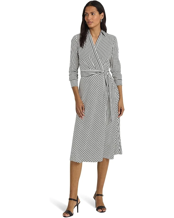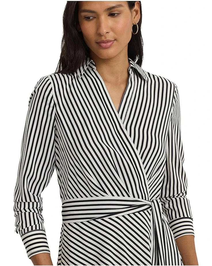 - Embrace effortless polish by wearing the LAUREN Ralph Lauren® Striped Surplice Midi Dress. The delicate stripes dance across luxurious crepe, offering a touch of sophistication. The surplice bodice flatters your figure, while the removable self-belt cinches your waist for a defined silhouette. Crisp pleats and buttoned cuffs add a touch of polish, and the concealed zipper ensures a smooth, streamlined look.
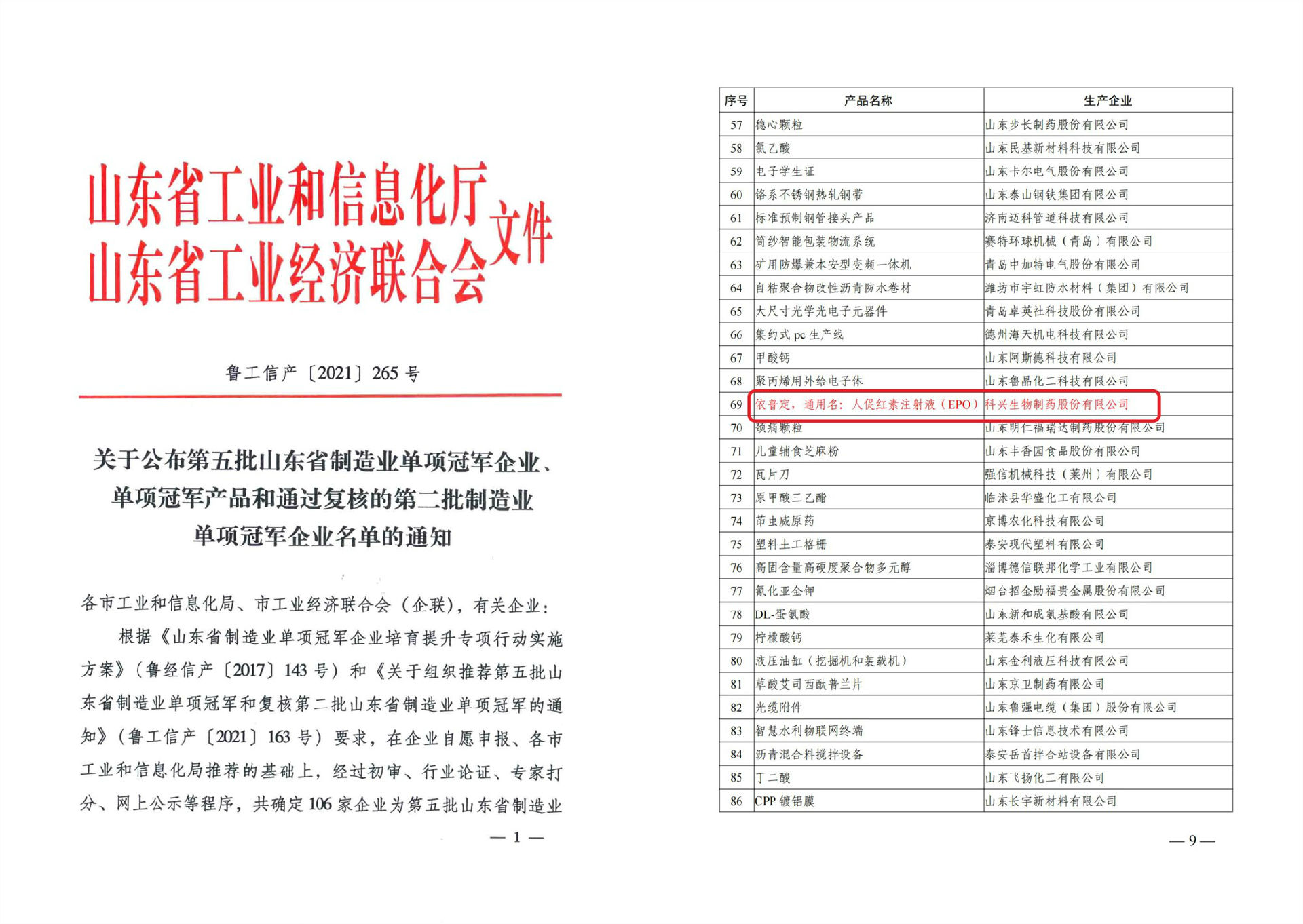 Recently, according to the List of the Fifth Batch of Champion Enterprises and Champion Products in Manufacturing Industry of Shandong Province published by the Department of Industry and Information Technology of Shandong Province, Human Erythropoietin (EPOSINO) was identified as the Champion Product of the Manufacturing Industry in Shandong Province. This award is given to a company that has a leading position in production technology and the production process, attaches importance to R&D investment, and has independent intellectual property rights and high-quality products, with key performance indicators exceeding those of similar companies in China. The winner must also have a market share among the top 5 in China and the biggest market share within its province.
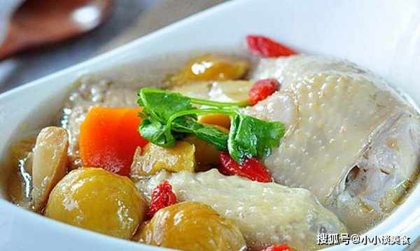 雞半隻、栗子10個、胡蘿卜1根、頭2個、生薑2片、西洋參8克、枇杷20個、鹽1.5茶匙、胡椒粉1茶匙。

# INSTRUCTIONS TO FOLLOW:
All the lines above are to be reproduced exactly, except the pictures.

# EXERCISE ANSWER:
 - Embrace effortless polish by wearing the LAUREN Ralph Lauren® Striped Surplice Midi Dress. The delicate stripes dance across luxurious crepe, offering a touch of sophistication. The surplice bodice flatters your figure, while the removable self-belt cinches your waist for a defined silhouette. Crisp pleats and buttoned cuffs add a touch of polish, and the concealed zipper ensures a smooth, streamlined look.
 Recently, according to the List of the Fifth Batch of Champion Enterprises and Champion Products in Manufacturing Industry of Shandong Province published by the Department of Industry and Information Technology of Shandong Province, Human Erythropoietin (EPOSINO) was identified as the Champion Product of the Manufacturing Industry in Shandong Province. This award is given to a company that has a leading position in production technology and the production process, attaches importance to R&D investment, and has independent intellectual property rights and high-quality products, with key performance indicators exceeding those of similar companies in China. The winner must also have a market share among the top 5 in China and the biggest market share within its province.
 雞半隻、栗子10個、胡蘿卜1根、頭2個、生薑2片、西洋參8克、枇杷20個、鹽1.5茶匙、胡椒粉1茶匙。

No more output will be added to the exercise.